In the case of The Home Depot Mexico, the pandemic has been a difficult but not impossible test to overcome, in part because the US firm reinforced its omnichannel strategy, called ‘interconnected retail’ , more than four years ago.

interconnected business

At the start of the pandemic, online orders for the chain multiplied by five, which triggered operational and delivery pressure for customers; however, it was a challenge that was overcome due to the fact that the company was already going through a route towards omnichannel.

It is a strategy with a view to facilitating interaction between stores and the digital world. It includes investments of 1,000 million pesos, aimed at improving the online platform and store processes, as well as strengthening customer delivery capacity, according to José Rodríguez, president and general director of the company in the country.

The amount is derived from the expenditure scheduled for this year, of 3,620 million pesos, 10% higher than the previous year. Just over a third of the total is to advance the goal of expanding stores, to 150 in the next five years, and a similar fraction is for the improvement and maintenance of the existing infrastructure.

“During these two years we expanded our distribution centers to weigh the volume we had during this time,” says Rodríguez. “Online visits doubled and the number of orders we serve in a week, we now serve daily.”

delivery cells

Atitalaquia and Ciénega de Flores supply the 129 stores of The Home Depot Mexico.
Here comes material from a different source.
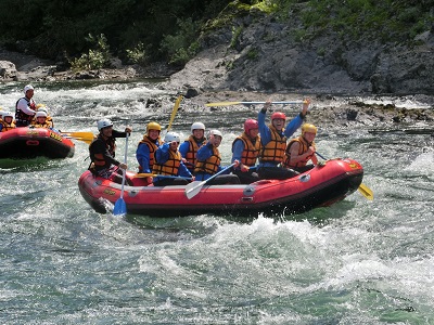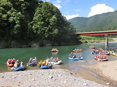 先日から雨が多く降り、長良川は、ラフティングにちょうど適した水量のようです。
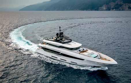 REV, one radical design choice was to concentrate all the 499 GT volume on two decks – an unconventional configuration for a sports yacht, but it has enabled the yard to create spaces that are more generous and comfortable than ever without losing out on speed – the Mangusta 165 REV can reach 35 knots with ease. As Arlunno says, “The numbers say it loud and clear – four yachts sold since the launch in 2022, confirming that if you design ample spaces, operational efficiency and an authentic spirit the sports yacht remains an iconic choice for anyone seeking uniqueness and prestige. This success is echoed by the “little sister”, the Mangusta 104 REV, which has rapidly conquered the market with ten units sold in just a few years”. Mangusta is also looking to the future in terms of sustainability. All its yachts are compatible with ecological HVO fuels, and over the past ten years the

They do this with different products that vary depending on their location and that of their suppliers. Northern CeDis receives items from the border region, the United States, and Canada; while those manufactured in the region of the Valley of Mexico arrive in Hidalgo, in addition to what comes from Asia to the ports of Lázaro Cárdenas and Manzanillo.

Through these transits 90% of the merchandise of the points of sale, “the rest are local suppliers of construction materials that arrive directly at the stores,” says Del Ángel. The percentage, however, could change with the regional logistics nodes launched in 2020.

It is a complementary distribution network that is in line with the ‘interconnected retail’ strategy. It was designed to take care of the storage and dispatch to stores and customers of an important part of the white line items that they will receive from the CeDis, and of heavy products, such as ceramic flooring and adhesives, which will be sent directly by the manufacturers. “The nodes are removing volume and weight from the center, which translates into more space in the trucks and, eventually, lower freight costs,” says Brito.

Until mid-May, The Home Depot Mexico had seven logistics nodes located in Culiacán, Guadalajara, Puebla, Puerto Morelos (Quintana Roo), Querétaro and Tijuana, in addition to Escobedo. The one in Nuevo León is the largest due to the number of stores under its responsibility: 18. Among them are those in Ciudad Victoria, Nuevo Laredo, Monclova, Saltillo or those in the metropolitan area of Monterrey, where it will also deliver orders that are made by e-commerce .

The company plans to close the year with two more, one of them in Tlalnepantla, State of Mexico, which in addition to being the largest (it will supply 30 stores) will have an area destined for deliveries, nationwide, of small packages purchased online . . “Some call it a dark store,” says Rodríguez. The other will be in an area to be defined, in Tabasco or in Coatzacoalcos, Veracruz.

These openings are part of the resources programmed this year and Rodríguez expects that, in 2023, the investment will be, “in the worst case”, at the same level. “With the number of stores that we are seeing and the capacity, I think it will go up. (…) The challenge that we now see is that the inflationary component begins to hit. There is a slowdown due to the level of inflation and because the priorities of consumer spending have changed.